Clinical manifestations commonly involve the respiratory and gastrointestinal tract. The intestinal manifestations include severe cramping abdominal pain, watery diarrhea, weight loss, nausea, vomiting, and gastrointestinal bleeding. Occasionally, subacute intestinal obstruction and eosinophilic granulomatous enterocolitis can develop. The pulmonary manifestations include cough, dyspnea, wheezing, and hemoptysis due to alveolar hemorrhage.[9]

CT chest usually reveals areas of ground glass opacity with interlobular septal thickening and consolidation.[10] But in our case, extensive miliary pattern of infiltrates mimicking tuberculosis were seen, which to the best of our knowledge has never been reported in hyperinfection syndrome. In the setting of hemoptysis, hemoglobin drop, and respiratory distress, diffuse lung involvement was probably contributed by alveolar hemorrhage.

Gram-negative bacteremia can occur in SHS due to translocation of the gut pathogens, as the intestinal larvae penetrate into blood stream. The commonly cultured organisms include Streptococcus bovis, Escherichia coli, Streptococcus fecalis, Klebsiella pneumonia, and Enterobacter species.[11] This probably contributed to worsening sepsis in our patient; however, we could not demonstrate any organism in culture.

Diagnosis of SHS can be difficult to establish and entails a high level of suspicion. Eosinophilia is shown to be 93.5% sensitive and 93.1% specific in high-risk populations. But it is not sufficiently sensitive in patients with chronic infection and in those receiving corticosteroid therapy. However, peripheral eosinophilia in SHS is considered a good prognostic factor. Serological tests especially ELISA have a positive predictive value of 91% and a negative predictive value of 98%. But interpretation of positive results has to be done with caution as cross-reactivity exists with Ascaris lumbricoides.[12] Standard stool analysis is insensitive for detecting Strongyloides and it has a yield that does not exceed 46% even after three stool examinations. This is because of the fluctuation in the rate of excretion of larvae. But due to the large parasitic burden present in SHS, the yield in lung, bronchial, or small bowel biopsies can be quite high.[13]

Hyperinfection syndrome is associated with high morbidity and mortality. If left untreated, mortality rate approaches 100% which is partly related to delay in the diagnosis and initiation of treatment, as well as due to the accompanying Gram-negative sepsis.[5] Ivermectin, albendazole, and mebendazole have all shown to be effective against Strongyloides, but ivermectin is still considered to be the drug of choice. Oral ivermectin is preferred for intestinal strongyloidiasis, but many patients with SHS experience paralytic ileus, profuse vomiting, and diarrhea. This limits the delivery and absorption of oral medications, causing therapeutic challenge.[12]

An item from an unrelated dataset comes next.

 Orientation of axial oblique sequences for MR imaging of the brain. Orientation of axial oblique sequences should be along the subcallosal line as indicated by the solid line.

Parenteral ivermectin is available only for veterinary use. But it has been occasionally used in humans with severe strongyloidiasis, refractory to oral agents.[12] Our patient was not an ideal candidate for oral ivermectin because of ileus and profuse vomiting. The Centre for Disease Control recommends ivermectin 200 μg/kg/day until stool and sputum examinations are negative for 2 weeks, and if possible to reduce or stop the immunosuppressive therapy. Oral albendazole 400 mg twice a day can be used as an adjunct for ivermectin.

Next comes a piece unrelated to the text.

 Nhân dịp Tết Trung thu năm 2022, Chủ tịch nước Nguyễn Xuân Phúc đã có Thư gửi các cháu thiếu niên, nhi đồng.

Kidney Disease: Improving Global Outcome (KDIGO) recommends pretransplant screening using serology for strongyloidiasis in patients from endemic areas and to treat the same prior to transplantation if infection is identified. Due to the asymptomatic nature of intestinal strongyloidiasis and the risk for hyperinfection, the importance of screening before escalating immunosuppressive therapy has to be stressed upon.